Brief: Set every record down again exactly. Do not carry over the pictures.

Items listed in a dataset
┄┄┄┄┄┄
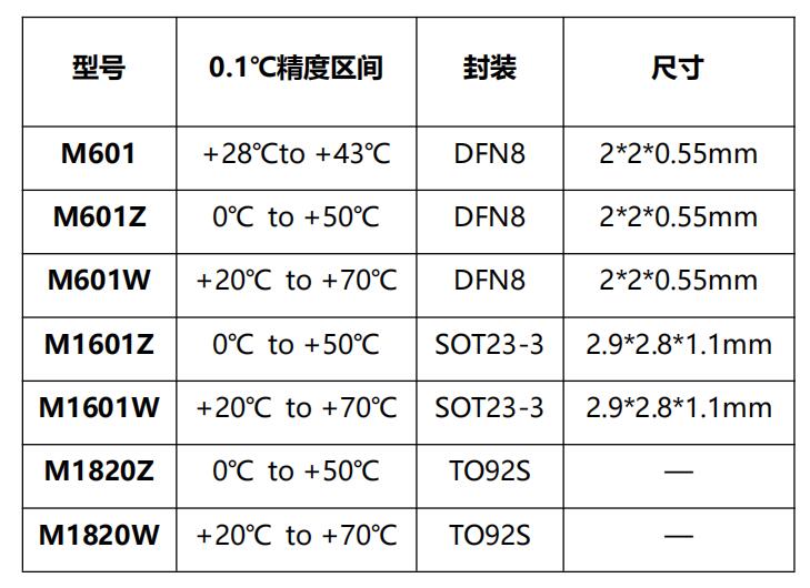 數(shù)字高精度溫度傳感芯片 - M601、M1601、M1820系列是工采網(wǎng)代理的國(guó)產(chǎn)品牌MYSENTECH推出的高精度數(shù)字模擬混合信號(hào)溫度傳感芯片。M601為體溫芯片,高測(cè)溫精度為+28°C到+43°C范圍±0.1°C;M601Z、M1601Z、M1820Z高測(cè)溫精度為0°C到+50°C范圍±0.1°C;M601W、M1601W、M1820W高測(cè)溫精度為+20°C到+70°C范圍0.1°C精度;用戶(hù)無(wú)需進(jìn)行校準(zhǔn)。溫度芯片感溫原理基于CMOS半導(dǎo)體PN節(jié)溫度與帶隙電壓的特性關(guān)系,經(jīng)過(guò)小信號(hào)放大、模數(shù)轉(zhuǎn)換、數(shù)字校準(zhǔn)補(bǔ)償后,數(shù)字總線輸出,具有精度高、一致性好、測(cè)溫快、功耗低、可編程配置靈活、壽命長(zhǎng)等優(yōu)點(diǎn)。溫度芯片內(nèi)置16-bit ADC,分辨率0.004°C,具有-70°C到+150°的超寬工作范圍。芯片有唯一的64位ID序列號(hào),在出廠前經(jīng)過(guò)100%的測(cè)試校準(zhǔn),根據(jù)溫度誤差特性進(jìn)行校準(zhǔn)系數(shù)的擬合,芯片內(nèi)部自動(dòng)進(jìn)行補(bǔ)償計(jì)算。為了簡(jiǎn)化系統(tǒng)應(yīng)用,芯片的ID搜索、測(cè)溫?cái)?shù)據(jù)內(nèi)存訪問(wèn)、功能配置等均基于數(shù)字單總線協(xié)議指令,上位機(jī)微處理器只需要一個(gè)GPIO端口便可進(jìn)行讀寫(xiě)訪問(wèn)。單總線通信接口通過(guò)共用一根數(shù)據(jù)總線來(lái)實(shí)現(xiàn)多節(jié)點(diǎn)傳感采集與組網(wǎng)的低成本方案,傳輸距離遠(yuǎn)、支持節(jié)點(diǎn)數(shù)多,便于空間分布式傳感組網(wǎng)??芍С?00個(gè)節(jié)點(diǎn)100至500米長(zhǎng)的測(cè)溫節(jié)點(diǎn)串聯(lián)組網(wǎng)。芯片內(nèi)置非易失性E2PROM存儲(chǔ)單元,用于保存芯片ID號(hào)、高低溫報(bào)警閾值、溫度校準(zhǔn)修正值以及用戶(hù)自定義信息,如傳感器節(jié)點(diǎn)編號(hào)、位置信息等。M601系列(M601、M601Z、M601W)另有ALERT報(bào)警指示引腳,便于用戶(hù)擴(kuò)展硬件報(bào)警應(yīng)用。
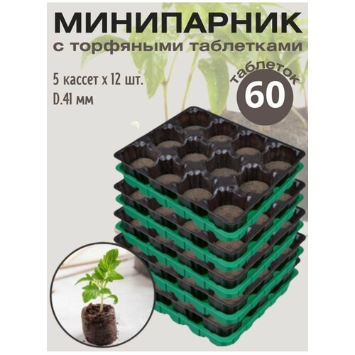 Комплект для рассады с торфяными таблетками d-41мм, набор кассета с поддоном для рассады на 12 ячеек
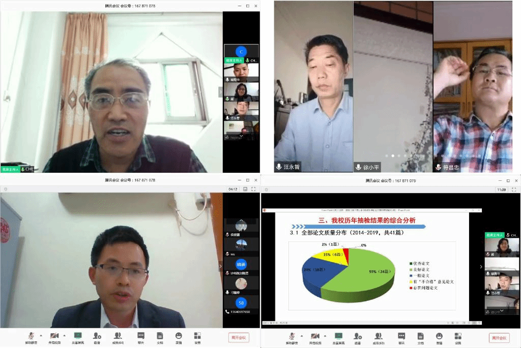 研究生处陈泳竹副处长通过PPT形式展示,就广东技术师范大学学位论文抽检情况及我校历年硕士学位论文抽检结果进行了分析,并就做好我校2020届学位论文工作提出建议:落实导师第一责任人要求和立德树人职责;是要严格论文答辩复制比检测、论文评阅和论文答辩三个关键环节,做好监督服务,落实论文评价的学术责任和权利。
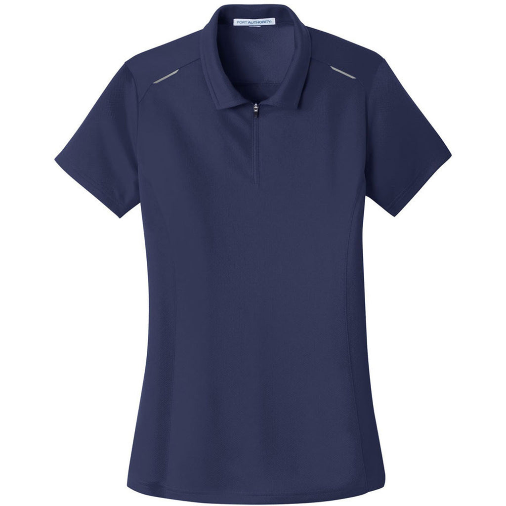 Port Authority Women's True Navy Pinpoint Mesh Zip Polo
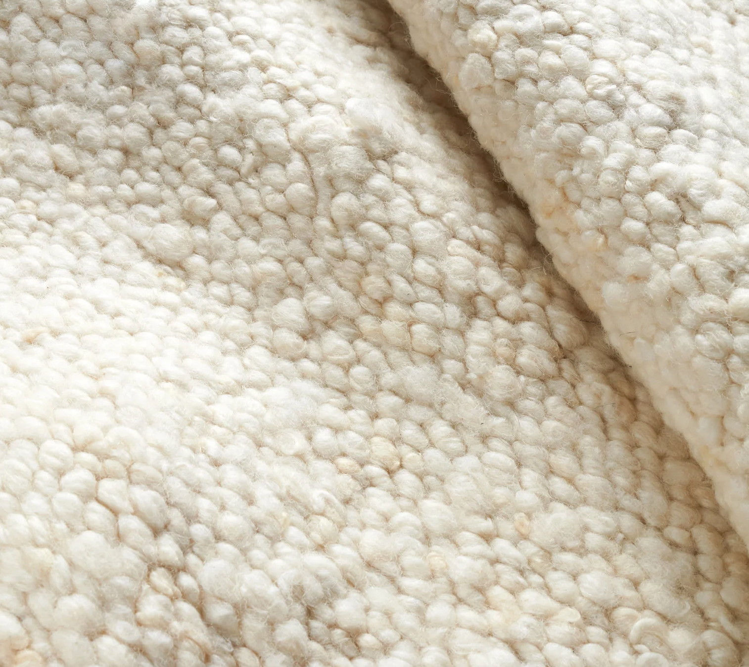 Create a warm, cozy foundation for your room with this chunky boucle rug handcrafted from the finest New Zealand wool. In a marbled, creamy hue, it’s soft and comfy underfoot
┄┄┄┄┄┄
Answer for this exercise:
 數(shù)字高精度溫度傳感芯片 - M601、M1601、M1820系列是工采網(wǎng)代理的國(guó)產(chǎn)品牌MYSENTECH推出的高精度數(shù)字模擬混合信號(hào)溫度傳感芯片。M601為體溫芯片,高測(cè)溫精度為+28°C到+43°C范圍±0.1°C;M601Z、M1601Z、M1820Z高測(cè)溫精度為0°C到+50°C范圍±0.1°C;M601W、M1601W、M1820W高測(cè)溫精度為+20°C到+70°C范圍0.1°C精度;用戶(hù)無(wú)需進(jìn)行校準(zhǔn)。溫度芯片感溫原理基于CMOS半導(dǎo)體PN節(jié)溫度與帶隙電壓的特性關(guān)系,經(jīng)過(guò)小信號(hào)放大、模數(shù)轉(zhuǎn)換、數(shù)字校準(zhǔn)補(bǔ)償后,數(shù)字總線輸出,具有精度高、一致性好、測(cè)溫快、功耗低、可編程配置靈活、壽命長(zhǎng)等優(yōu)點(diǎn)。溫度芯片內(nèi)置16-bit ADC,分辨率0.004°C,具有-70°C到+150°的超寬工作范圍。芯片有唯一的64位ID序列號(hào),在出廠前經(jīng)過(guò)100%的測(cè)試校準(zhǔn),根據(jù)溫度誤差特性進(jìn)行校準(zhǔn)系數(shù)的擬合,芯片內(nèi)部自動(dòng)進(jìn)行補(bǔ)償計(jì)算。為了簡(jiǎn)化系統(tǒng)應(yīng)用,芯片的ID搜索、測(cè)溫?cái)?shù)據(jù)內(nèi)存訪問(wèn)、功能配置等均基于數(shù)字單總線協(xié)議指令,上位機(jī)微處理器只需要一個(gè)GPIO端口便可進(jìn)行讀寫(xiě)訪問(wèn)。單總線通信接口通過(guò)共用一根數(shù)據(jù)總線來(lái)實(shí)現(xiàn)多節(jié)點(diǎn)傳感采集與組網(wǎng)的低成本方案,傳輸距離遠(yuǎn)、支持節(jié)點(diǎn)數(shù)多,便于空間分布式傳感組網(wǎng)??芍С?00個(gè)節(jié)點(diǎn)100至500米長(zhǎng)的測(cè)溫節(jié)點(diǎn)串聯(lián)組網(wǎng)。芯片內(nèi)置非易失性E2PROM存儲(chǔ)單元,用于保存芯片ID號(hào)、高低溫報(bào)警閾值、溫度校準(zhǔn)修正值以及用戶(hù)自定義信息,如傳感器節(jié)點(diǎn)編號(hào)、位置信息等。M601系列(M601、M601Z、M601W)另有ALERT報(bào)警指示引腳,便于用戶(hù)擴(kuò)展硬件報(bào)警應(yīng)用。
 Комплект для рассады с торфяными таблетками d-41мм, набор кассета с поддоном для рассады на 12 ячеек
 研究生处陈泳竹副处长通过PPT形式展示,就广东技术师范大学学位论文抽检情况及我校历年硕士学位论文抽检结果进行了分析,并就做好我校2020届学位论文工作提出建议:落实导师第一责任人要求和立德树人职责;是要严格论文答辩复制比检测、论文评阅和论文答辩三个关键环节,做好监督服务,落实论文评价的学术责任和权利。
 Port Authority Women's True Navy Pinpoint Mesh Zip Polo
 Create a warm, cozy foundation for your room with this chunky boucle rug handcrafted from the finest New Zealand wool. In a marbled, creamy hue, it’s soft and comfy underfoot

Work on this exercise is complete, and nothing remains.